What the task asks ->
Print the data that follows word for word, leaving out any picture.
========================
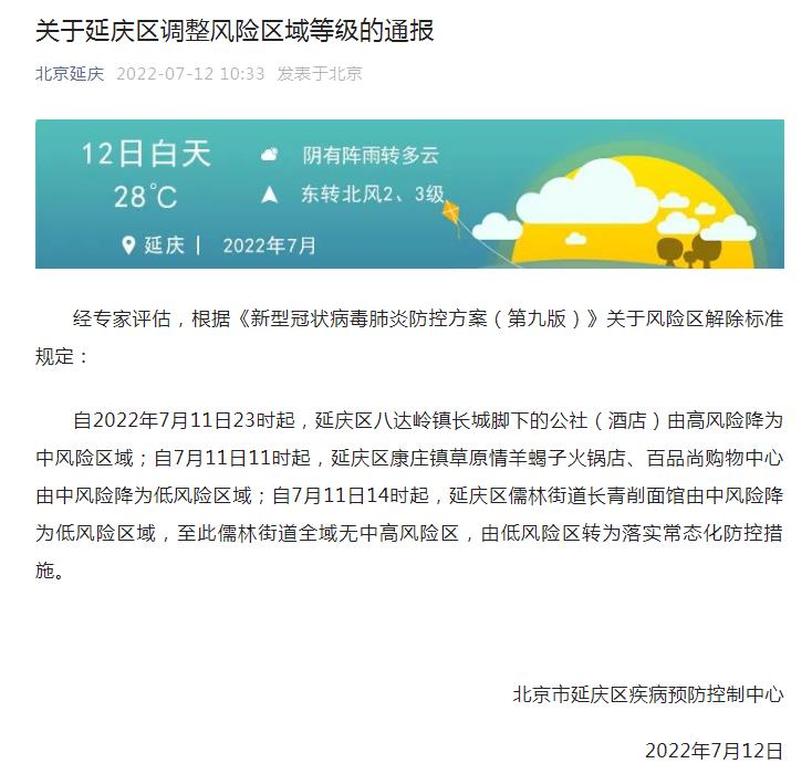 中新網(wǎng)7月12日電 據(jù)“北京延慶”微信公眾號(hào)消息,北京市延慶區(qū)疾病預(yù)防控制中心12日發(fā)布通報(bào)稱(chēng),經(jīng)專(zhuān)家評(píng)估,根據(jù)《新型冠狀病毒肺炎防控方案(第九版)》關(guān)于風(fēng)險(xiǎn)區(qū)解除標(biāo)準(zhǔn)規(guī)定:自2022年7月11日23時(shí)起,延慶區(qū)八達(dá)嶺鎮(zhèn)長(zhǎng)城腳下的公社(酒店)由高風(fēng)險(xiǎn)降為中風(fēng)險(xiǎn)區(qū)域;自7月11日11時(shí)起,延慶區(qū)康莊鎮(zhèn)草原情羊蝎子火鍋店、百品尚購(gòu)物中心由中風(fēng)險(xiǎn)降為低風(fēng)險(xiǎn)區(qū)域;自7月11日14時(shí)起,延慶區(qū)儒林街道長(zhǎng)青削面館由中風(fēng)險(xiǎn)降為低風(fēng)險(xiǎn)區(qū)域,至此儒林街道全域無(wú)中高風(fēng)險(xiǎn)區(qū),由低風(fēng)險(xiǎn)區(qū)轉(zhuǎn)為落實(shí)常態(tài)化防控措施。
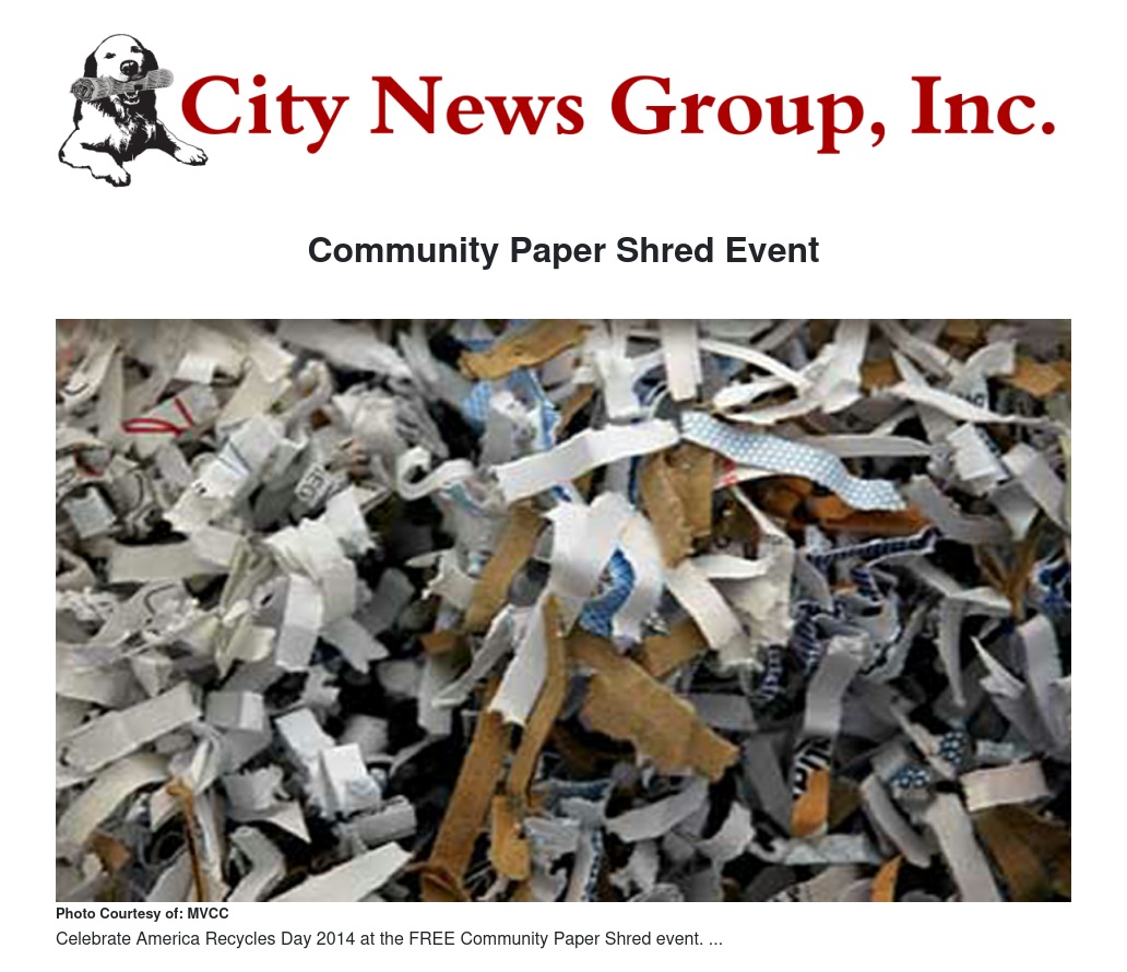 The City of Moreno Valley is celebrating America Recycles Day 2014 by hosting a FREE Community Paper Shred event on Saturday, Nov. 15 from 9 a.m. to 1 p.m. or until the truck containing shredded material becomes full.
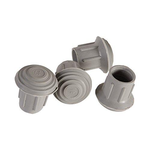DMI Rubber Cane and Walker TipsThese durable rubber tips make great replacements for your walker or cane and may even exceed the quality of the originals. These shock-absorbing tips are slip resistant and will give you great traction on most surfaces. They easily slip onto the ends of most canes, quad canes, walkers and commodes with a 1 inch shaft. You get 4 tips per package. Features Add more traction and shock absorption to your cane or walker by using these durable, skid-resistant rubber tips They work great as replacements for worn tips or to even surpass your original tips for slip resistance They easily slip onto the ends of most 1 inch canes, quad canes, walkers or commodes You get 4 tips per package Contains latex
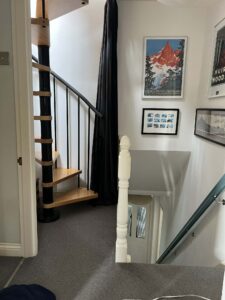 A winding staircase rises from the landing to the attic floor, where two full-width rooms provide exceptional flexibility. Currently arranged as a workshop and an additional bedroom, complete with wooden cladding and useful eaves storage, these rooms lend themselves beautifully to guest accommodation, hobbies, creative work or home office space.
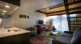 Rooms are located in the gardens toward the rear of the property. Amenities include one bathroom with a shower, a kitchenette and a loft.
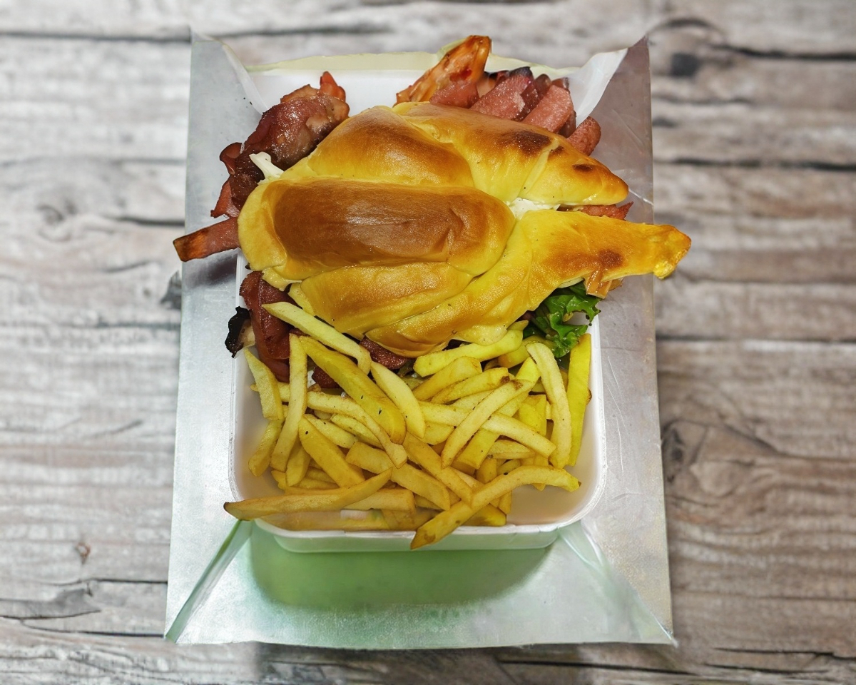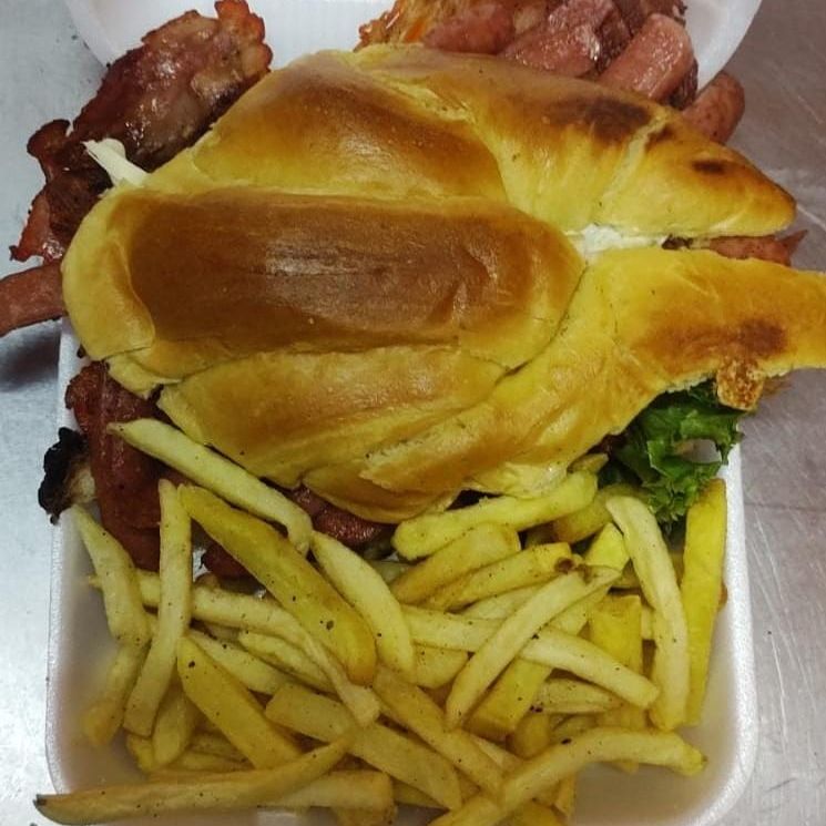2 carnes, de pollo queso oaxaca, jamón, piña, tocino, queso amarillo, lechuga, jitomate y chiles con papas
========================
Reply ->
 中新網(wǎng)7月12日電 據(jù)“北京延慶”微信公眾號(hào)消息,北京市延慶區(qū)疾病預(yù)防控制中心12日發(fā)布通報(bào)稱(chēng),經(jīng)專(zhuān)家評(píng)估,根據(jù)《新型冠狀病毒肺炎防控方案(第九版)》關(guān)于風(fēng)險(xiǎn)區(qū)解除標(biāo)準(zhǔn)規(guī)定:自2022年7月11日23時(shí)起,延慶區(qū)八達(dá)嶺鎮(zhèn)長(zhǎng)城腳下的公社(酒店)由高風(fēng)險(xiǎn)降為中風(fēng)險(xiǎn)區(qū)域;自7月11日11時(shí)起,延慶區(qū)康莊鎮(zhèn)草原情羊蝎子火鍋店、百品尚購(gòu)物中心由中風(fēng)險(xiǎn)降為低風(fēng)險(xiǎn)區(qū)域;自7月11日14時(shí)起,延慶區(qū)儒林街道長(zhǎng)青削面館由中風(fēng)險(xiǎn)降為低風(fēng)險(xiǎn)區(qū)域,至此儒林街道全域無(wú)中高風(fēng)險(xiǎn)區(qū),由低風(fēng)險(xiǎn)區(qū)轉(zhuǎn)為落實(shí)常態(tài)化防控措施。
 The City of Moreno Valley is celebrating America Recycles Day 2014 by hosting a FREE Community Paper Shred event on Saturday, Nov. 15 from 9 a.m. to 1 p.m. or until the truck containing shredded material becomes full.
DMI Rubber Cane and Walker TipsThese durable rubber tips make great replacements for your walker or cane and may even exceed the quality of the originals. These shock-absorbing tips are slip resistant and will give you great traction on most surfaces. They easily slip onto the ends of most canes, quad canes, walkers and commodes with a 1 inch shaft. You get 4 tips per package. Features Add more traction and shock absorption to your cane or walker by using these durable, skid-resistant rubber tips They work great as replacements for worn tips or to even surpass your original tips for slip resistance They easily slip onto the ends of most 1 inch canes, quad canes, walkers or commodes You get 4 tips per package Contains latex
 A winding staircase rises from the landing to the attic floor, where two full-width rooms provide exceptional flexibility. Currently arranged as a workshop and an additional bedroom, complete with wooden cladding and useful eaves storage, these rooms lend themselves beautifully to guest accommodation, hobbies, creative work or home office space.
 Rooms are located in the gardens toward the rear of the property. Amenities include one bathroom with a shower, a kitchenette and a loft.
2 carnes, de pollo queso oaxaca, jamón, piña, tocino, queso amarillo, lechuga, jitomate y chiles con papas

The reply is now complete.